Exercise requirements:
Copy task, pictures excluded: set down exactly the lines from the one containing "세종의료법인 영제 의료재단" to the end of the data below.

Entries taken from a collection:
[Start of section]

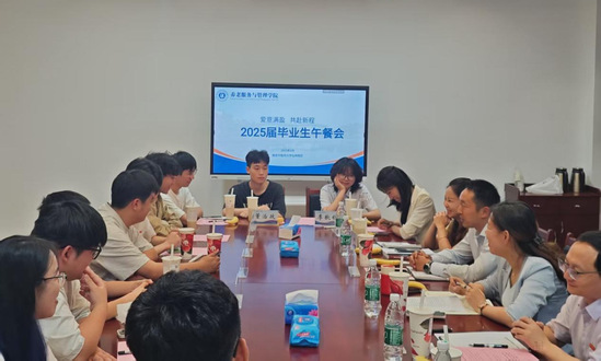 6月16日,學院首屆畢業生午餐會在豐盛樓103會議室舉行。學院黨總支書記孫新新、黨總支副書記副院長蘇文娟、副院長盧聖鋒、副院長陳娜、畢業班師生代表齊聚一堂,共叙情誼,共謀發展。午餐會由蘇文娟主持。
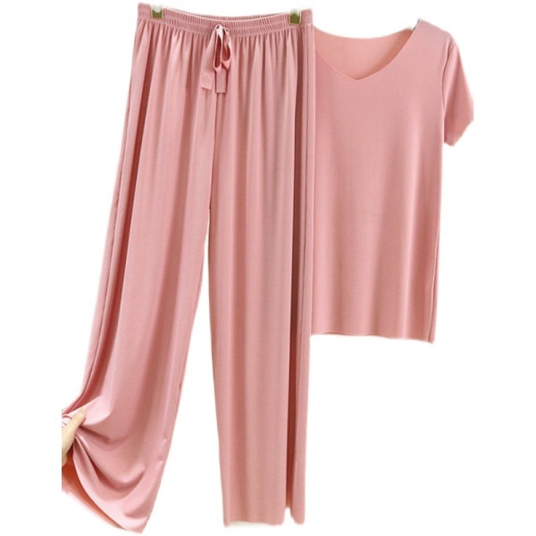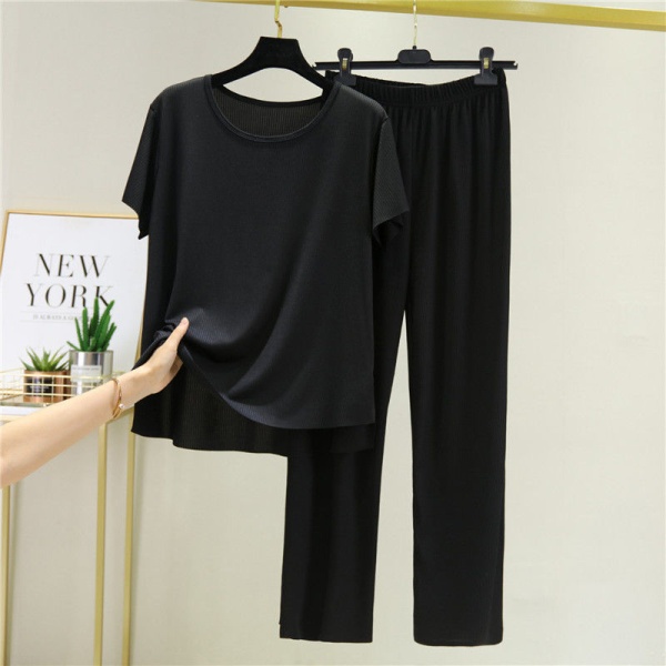 时尚冰丝套装女士夏季薄款新款气质运动休闲阔腿裤短袖两件套洋气
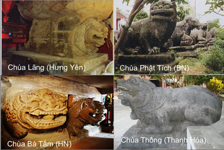 Tượng 2 con sư tử đá ở chùa Bà Tấm (Hà Nội). Tượng sư tử đội tòa sen chùa Hương Lãng (Hưng Yên), chùa Ngô Xá (Nam Định), chùa Kim Hoàng và chùa Thầy (Hà Tây). Sấu đá chùa Quỳnh Lâm (Quảng Ninh)...
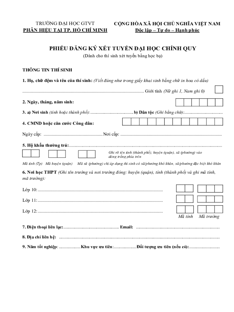 The Vietnamese University Admission Registration Form is intended for high school graduates and other individuals who wish to enroll in Vietnamese universities. It is vital for applicants to understand the eligibility criteria associated with submitting this form to ensure successful admission.
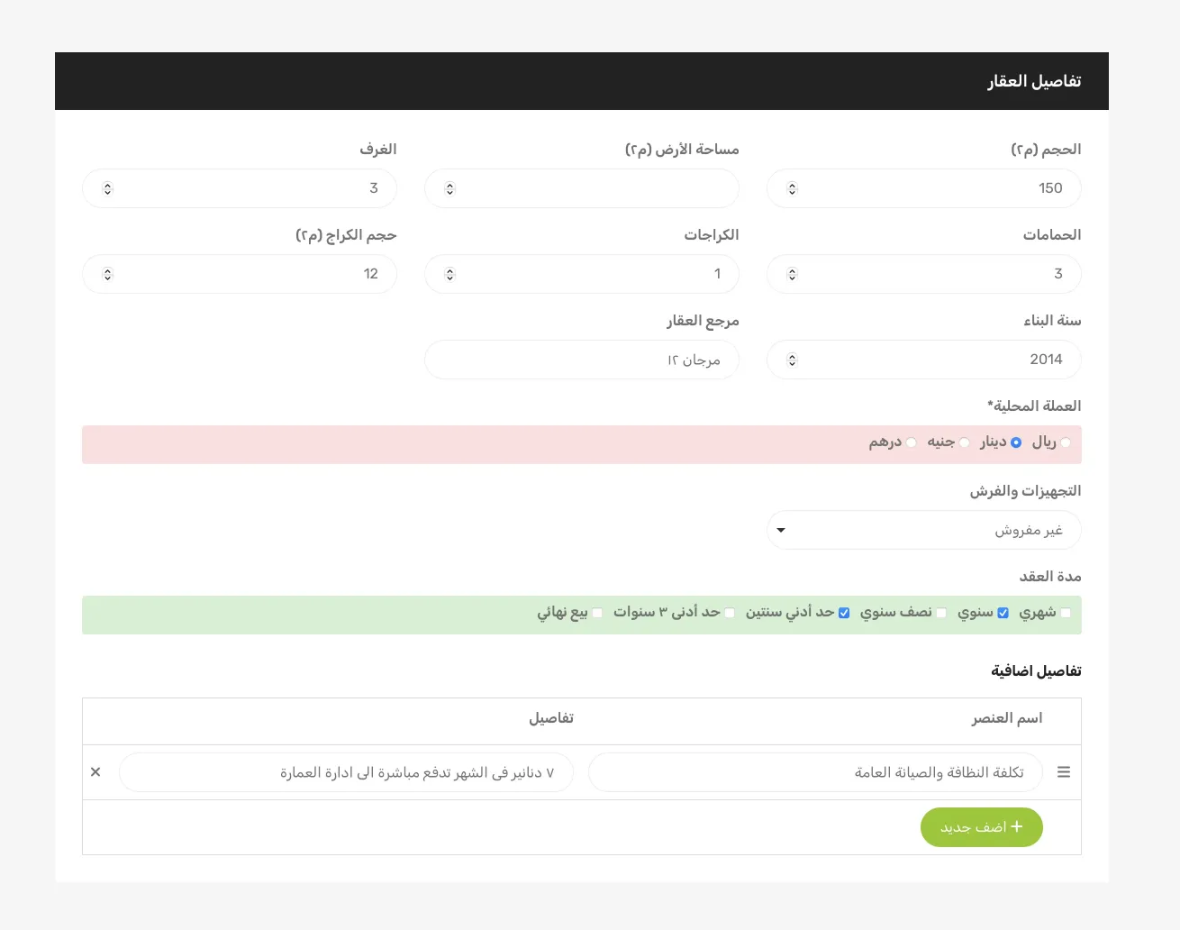 أدخل تفاصيل العقار الأساسية وحدد العملة ومدة العقد
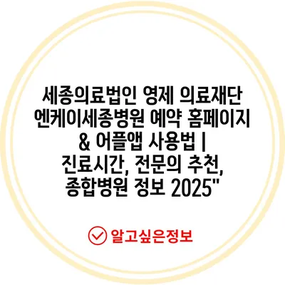 세종의료법인 영제 의료재단 엔케이세종병원 예약 홈페이지 & 어플앱 사용법 | 진료시간, 전연락 추천, 종합병원 정보 2025″ 에 대해 자주 묻는 질문 TOP 5
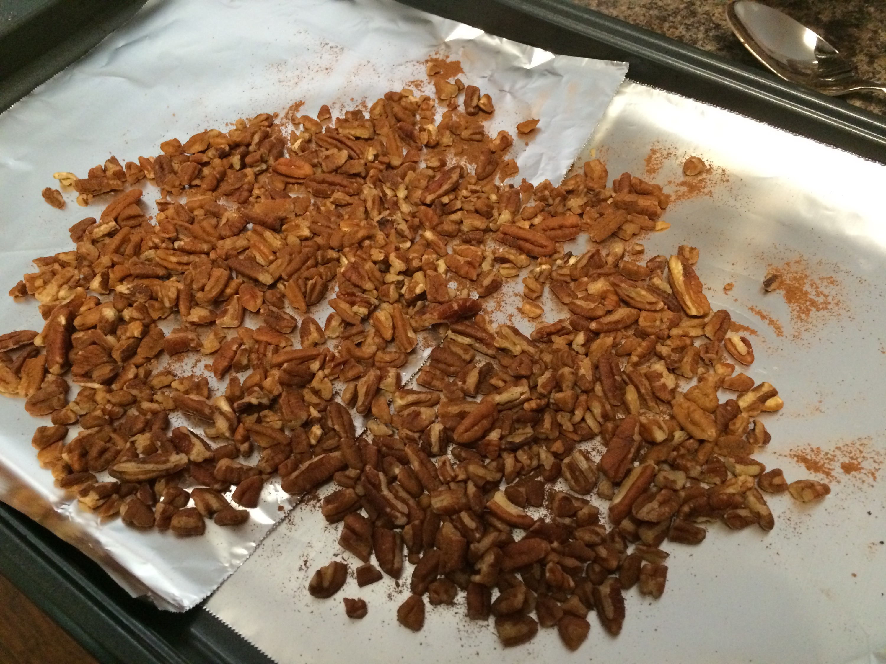 Add 1 tsp cinnamon to the pecans and spread them on a cookie sheet. Bake them in your preheated oven 5-10 minutes, until fragrant.
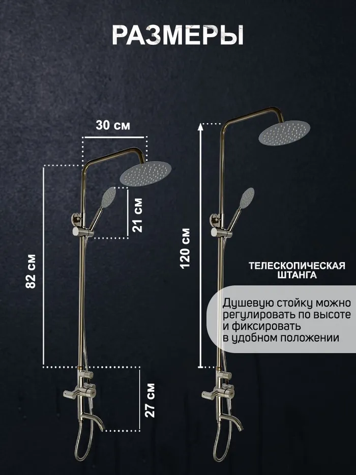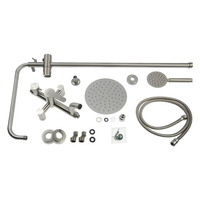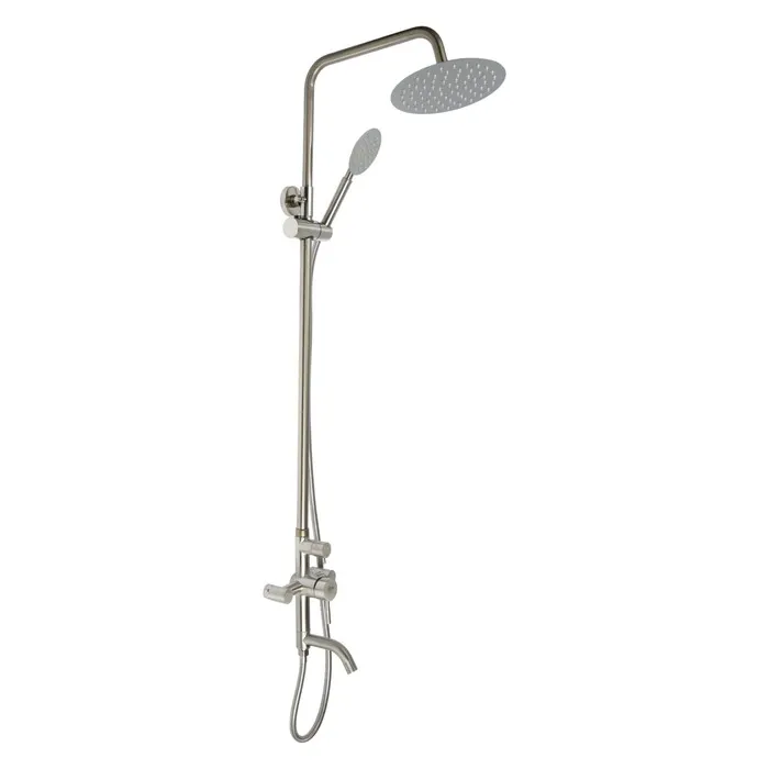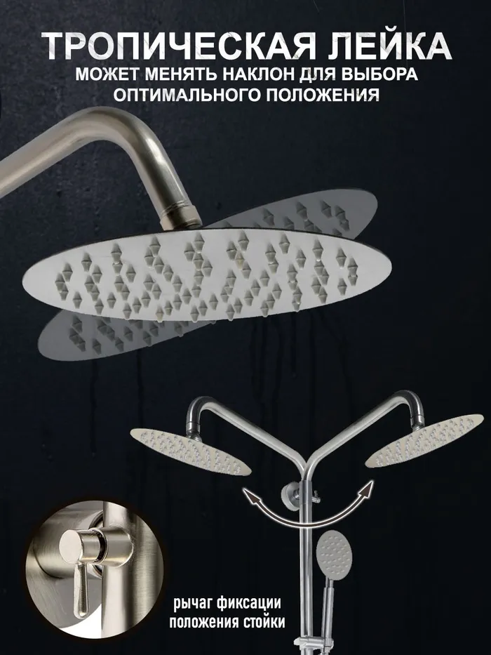 Душевая система ZEIN Z1008, смеситель, тропическая и ручная лейка, стойка, круглая, сатин — Характеристики
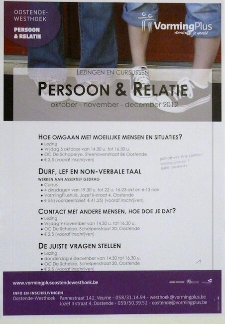 Formaat : 42 x 30 cm. 5/10/2012: Lezing: Hoe omgaan met meoilijke mensen en situaties? 16/10, 23/10, 6/11 en 13/11/2012: Cursus: Durf, lef en non-verbale taal. 9/11/2012: Lezing: Contact met andere mensen, Hoe doe je…

[End of section]

Finished exercise:
 세종의료법인 영제 의료재단 엔케이세종병원 예약 홈페이지 & 어플앱 사용법 | 진료시간, 전연락 추천, 종합병원 정보 2025″ 에 대해 자주 묻는 질문 TOP 5
 Add 1 tsp cinnamon to the pecans and spread them on a cookie sheet. Bake them in your preheated oven 5-10 minutes, until fragrant.
 Душевая система ZEIN Z1008, смеситель, тропическая и ручная лейка, стойка, круглая, сатин — Характеристики
 Formaat : 42 x 30 cm. 5/10/2012: Lezing: Hoe omgaan met meoilijke mensen en situaties? 16/10, 23/10, 6/11 en 13/11/2012: Cursus: Durf, lef en non-verbale taal. 9/11/2012: Lezing: Contact met andere mensen, Hoe doe je…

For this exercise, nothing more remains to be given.